── DATASET RECORDS
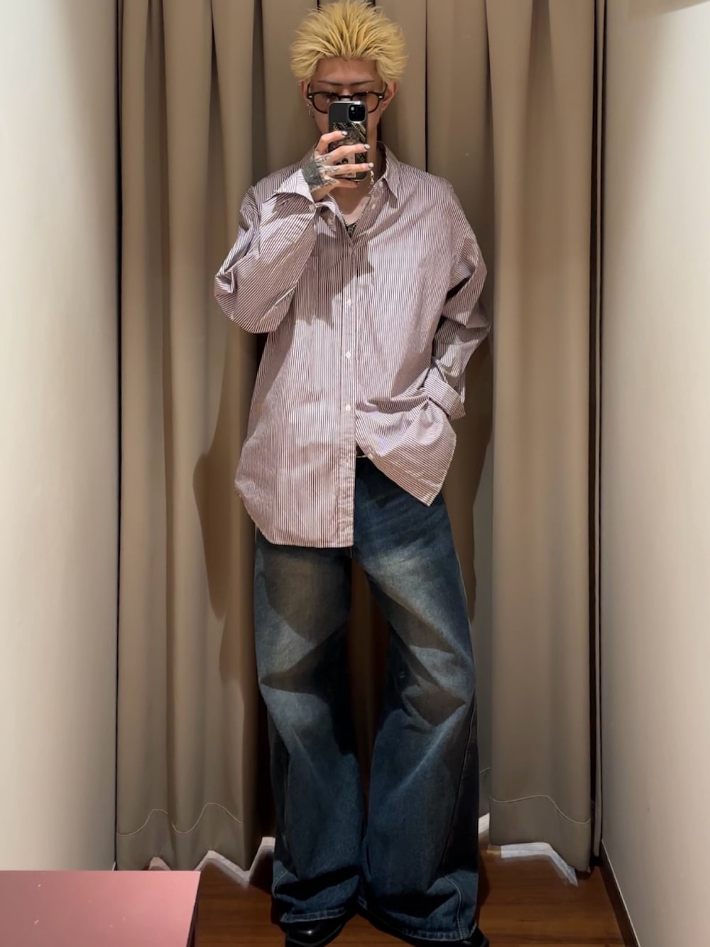 製品で特殊な洗いを施した、天日乾燥の洗いざらしのような雰囲気が特徴です。オーバーサイズなリラックスしたシルエットを採用しました。ドレスシャツ工場で、美しく見える仕上げにこだわりながら、ステッチはあえて50番手ステッチと環縫いを採用し、ダンガリーシャツのように仕上げています。タンブラー乾燥かけても縮まず、何度でも心地よいシワ感とドライなタッチが復元します。
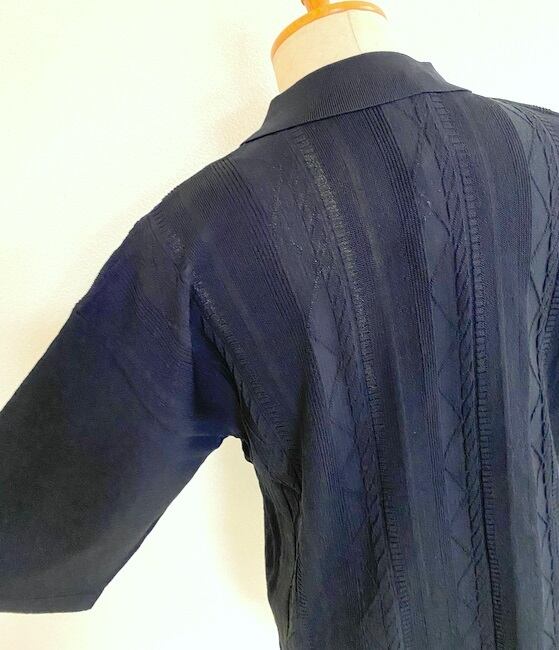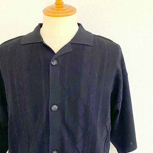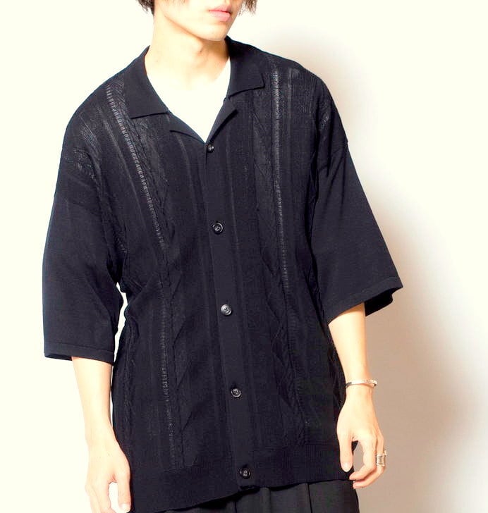 接触冷感のレーヨンナイロンの糸を用いて編み立てた上品で艶やかな光沢感が魅力のハイゲージニットシャツ。トレンド感のあるオーバーショルダーのシルエットでありながら、柔らかな風合いを持つニット素材を採用したことで、リラックス感と品格のある雰囲気をバランス良く両立させています。
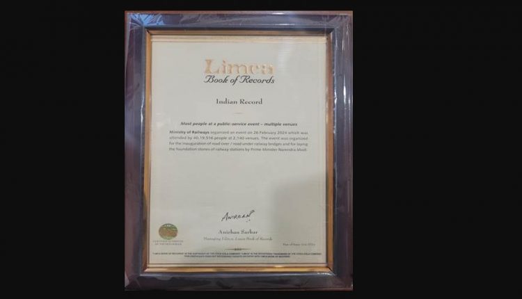 ଗତ ୨୬ ଫେବୃଆରୀ ୨୦୨୪ରେ ରେଳ ମନ୍ତ୍ରଣାଳୟ ଏକ କାର୍ଯ୍ୟକ୍ରମ ଆୟୋଜନ କରିଥିଲା । ଯେଉଁଥିରେ ୨,୧୪୦ ଟି ସ୍ଥାନରେ ୪୦,୧୯,୫୧୬ ଜଣ ଲୋକ ଯୋଗ ଦେଇଥିଲେ । ପ୍ରଧାନମନ୍ତ୍ରୀ ଶ୍ରୀ ନରେନ୍ଦ୍ର ମୋଦୀଙ୍କ ଦ୍ଵାରା ସଡ଼କ ଉପରେ ରେଳ ଓଭରବ୍ରିଜ୍ ଓ ସଡ଼କ ତଳେ ରେଳବାଇ ଅଣ୍ଡର୍ବ୍ରିଜ୍ ଉଦଘାଟନ ଏବଂ ରେଳ ଷ୍ଟେସନର ଶିଳାନ୍ୟାସ ପାଇଁ ଏହି କାର୍ଯ୍ୟକ୍ରମ ଆୟୋଜନ କରାଯାଇଥିଲା। ଭାରତୀୟ ରେଳବାଇର ଏହି ବ୍ୟାପକ ପ୍ରୟାସ ଓ ଏକତ୍ରିକରଣକୁ ମାନ୍ୟତା ମିଳିଛି ଏବଂ ଏହାକୁ ସମ୍ମାନଜନକ ଲିମକା ବୁକ୍ ଅଫ୍ ବିଶ୍ୱ ରେକର୍ଡସ୍ ରେ ସାମିଲ କରାଯାଇଛି ।
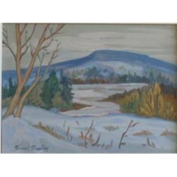 TREMBLAY, Fernand. "Lac Rossy, Mont-Tremblant". Huile sur panneau, signée. Signée et titrée verso. Oil on board, signed. Signed and titled verso. 12" x 16" - 30.4cm x 40.6cm. $250/350
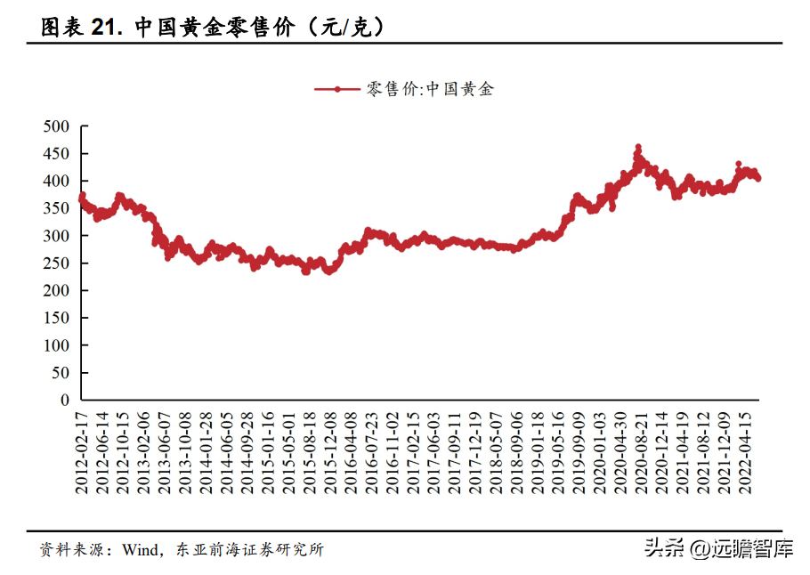 4)金价持续走高背景下黄金投资价值突显,短期价格回落或促进消费需求;
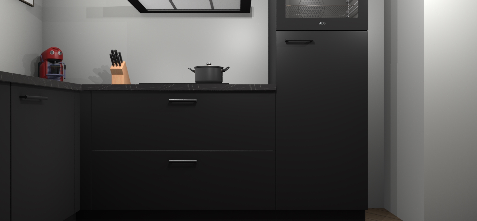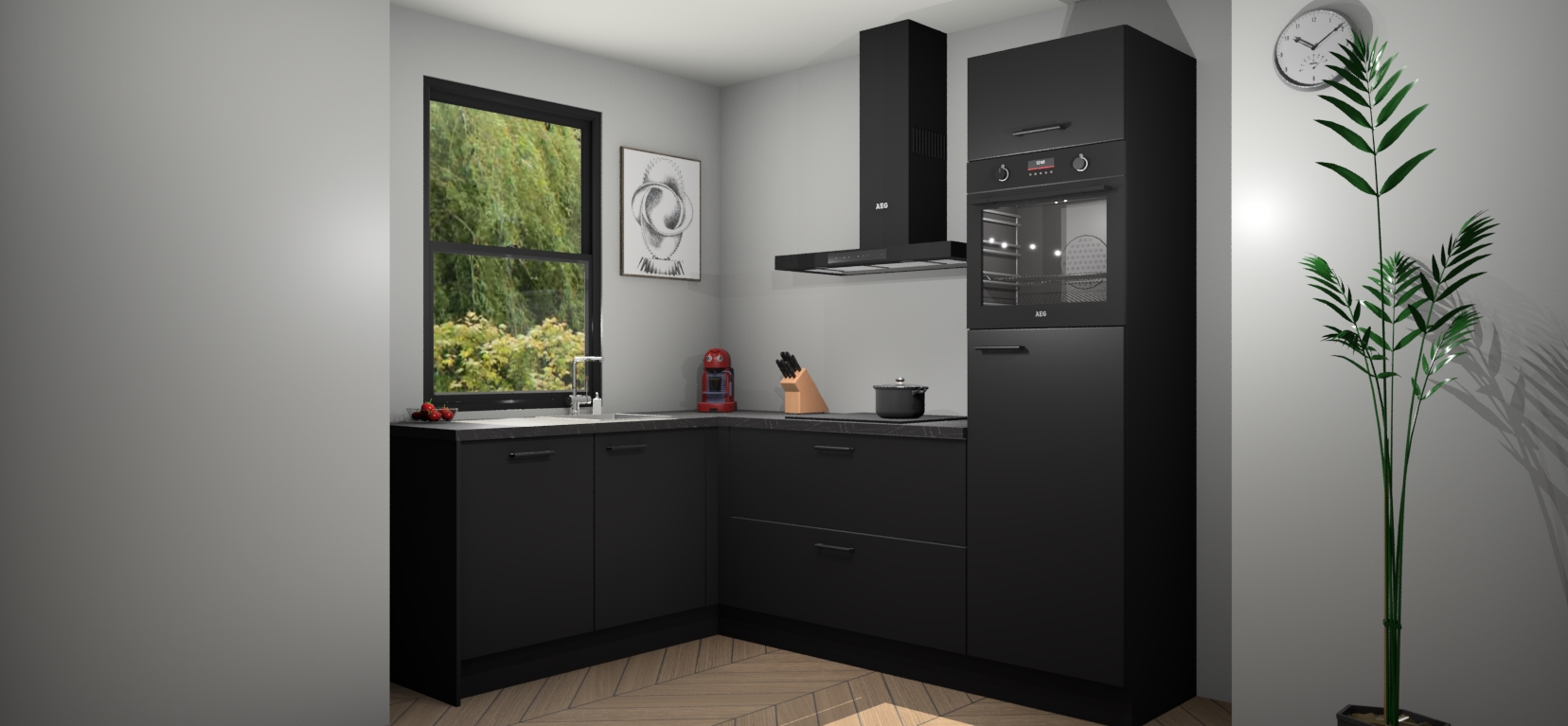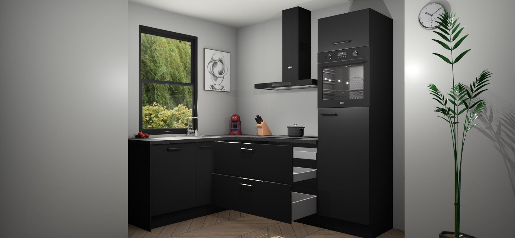 Moedige modernisten! De zwarte keuken Kinshasa is het perfecte antwoord op al uw keukendromen. Dit geraffineerde, tijdloze ontwerp combineert strakke kasten met hoogglans details zodat u die dure look krijgt zonder het dure prijskaartje. We weten dat planning en uitvoering de sleutels zijn tot een geslaagde keukenrenovatie, dus hebben we ervoor gezorgd dat we vijf inbouwapparaten in ons pakket hebben: een oven, inductiekookplaat, afzuigkap, vaatwasser en koelkast. Deze kunnen na bestelling gemakkelijk worden uitgebreid voor nog meer gemak.
────
## TASK INSTRUCTIONS
Where the line with "4)金价持续走高背景下黄金投资价值突显,短期价格回落或促进消费需求;" appears, begin there and transcribe exactly through the last line of the data, leaving all pictures aside.

## RESPONSE BOX
 4)金价持续走高背景下黄金投资价值突显,短期价格回落或促进消费需求;
 Moedige modernisten! De zwarte keuken Kinshasa is het perfecte antwoord op al uw keukendromen. Dit geraffineerde, tijdloze ontwerp combineert strakke kasten met hoogglans details zodat u die dure look krijgt zonder het dure prijskaartje. We weten dat planning en uitvoering de sleutels zijn tot een geslaagde keukenrenovatie, dus hebben we ervoor gezorgd dat we vijf inbouwapparaten in ons pakket hebben: een oven, inductiekookplaat, afzuigkap, vaatwasser en koelkast. Deze kunnen na bestelling gemakkelijk worden uitgebreid voor nog meer gemak.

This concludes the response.